Добрый аббат рассказал, то плача, то улыбаясь своим надеждам, что после ареста его воспитанника он поспешил в Париж; все действия кардинала были окружены глубочайшей тайной; никто не знал места заключения обер-шталмейстера, и многие считали, что он сослан; когда же стало известно о полюбовном соглашении короля с Гастоном Орлеанским и герцогом Буйонским, все поверили, что жизнь остальных заговорщиков спасена, и о заговоре перестали говорить, — замешанных в нем было мало, да и само дело удалось замять. В Париже даже порадовались, узнав, что Седан и весь седанский край присоединены к королевству в обмен на милостивый указ, пожалованный герцогу Буйонскому, признанному невиновным, как и Гастон Орлеанский; все так превосходно уладилось, что парижане восхищались ловкостью кардинала и его милосердием к заговорщикам, которые якобы требовали его смерти. Ходили даже слухи, что он устроил побег Сен-Мару и де Ту и великодушно позаботился об их переправе за границу, после того как смело арестовал обоих посреди перпиньянского лагеря.

В этом месте рассказа Сен-Мар позабыл о смирении и, стиснув руку своего друга, воскликнул:

Арестовал?! Неужели надо отказаться даже от чести добровольной сдачи в плен? И всем пожертвовать, вплоть до уважения потомков?

— Это желание тоже было суетным, — заметил де Ту. приложив палец к губам,— тише, выслушаем аббата до конца.

Не сомневаясь, что спокойствие молодых людей вызвано их радостью при мысли о скором побеге, и видя, что солнце еще не вполне рассеяло утренний туман, священник невольно поддался удовольствию, которое испытывают все старики, когда им случается рассказывать новости, даже огорчительные для слушателей. Он поведал, сколько им было потрачено труда, чтобы обнаружить убежище своего воспитанника, неизвестное ни при дворе, ни в городе, ибо имя Сен-Мара боялись произносить хотя бы шепотом. Он узнал о заключении обер-шталмейстера в крепости Пьер-Ансиз лишь из уст самой королевы, которая соблаговолила прислать за ним и поручила передать это известие маркизе д'Эффиа и всем участникам заговора, прося сделать отчаянную попытку для освобождения их молодого вождя. Анна Австрийская даже отважилась послать в Лион множество вооруженных дворян из Оверни и Турена, чтобы содействовать этому смелому предприятию.

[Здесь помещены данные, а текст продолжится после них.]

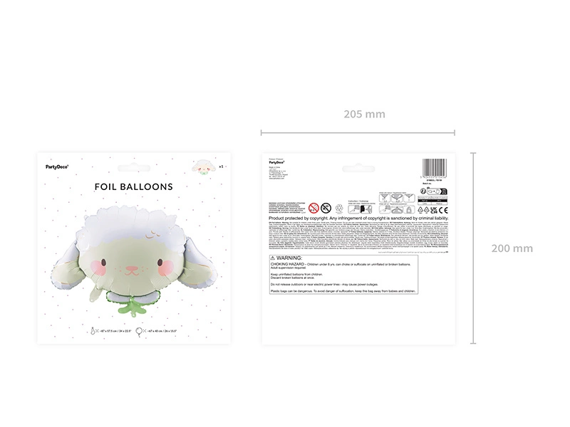 - Balon foliowy Owieczka, mix kolorów, wymiary przed napompowaniem ok. 87 x 57.5 cm (34 x 22.5 ''), wymiary po napompowaniu ok. 67 x 40 cm (26 x 15.5 ''). Do napompowania powietrzem i helem. Zestaw zawiera słomkę.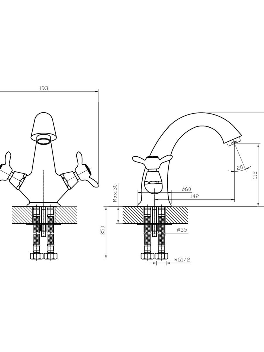 Гибкая подводка длиной 30 см - 2шт;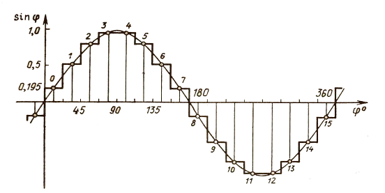 Количество ступенек сигнала для прямого и обратного каналов совпадают. Высота i–й ступеньки аппроксимированной синусоиды в относительных единицах определяется по формуле: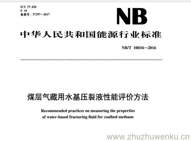 NB/T 10034-2016 pdf下载 煤层气藏用水基压裂液性能评价方法。Recommended practices on measuring the properties of water-based fracturing fluid for coalbed methane.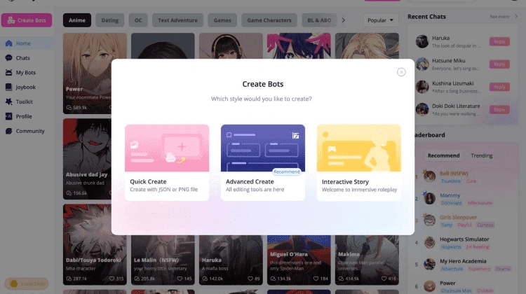 Among Joyland AI’s most impressive offerings is its robust character creation system. Users have access to a variety of powerful tools, including: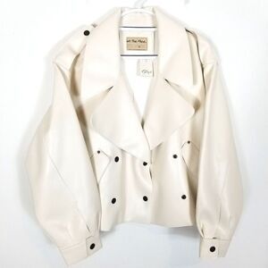 Free People Women's Alexis Vegan Jacket Sz M Ivory Snap Front Boxy Relaxed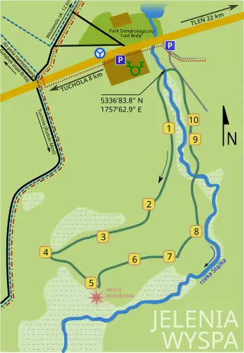 W pobliżu ścieżki przyrodniczo-dydaktycznej "Jelenia Wyspa" swój przebieg mają szlaki turystyczne:

— Добрая королева очень плакала, когда я был у нее, и говорила, что готова пожертвовать всем своим имуществом, лишь бы вас спасти; она горько упрекала себя за какое-то письмо, — право, не знаю, какое. Говорила о благе Франции, но не объяснила, в чем оно состоит. Она мне сказала, что восхищается вами и заклинает вас искать спасения, хотя бы из жалости к ней, ибо в противном случае вы оставите ей в удел вечные угрызения совести.

— Она ничего больше не сказала? — прервал его де Ту, поддерживая побледневшего Сен-Мара.

— Ничего, — ответил старик.

— И никто не говорил с вами обо мне? — спросил обер-шталмейстер.

— Никто, — сказал аббат.

— Хотя бы она мне написала! — молвил Анри вполголоса.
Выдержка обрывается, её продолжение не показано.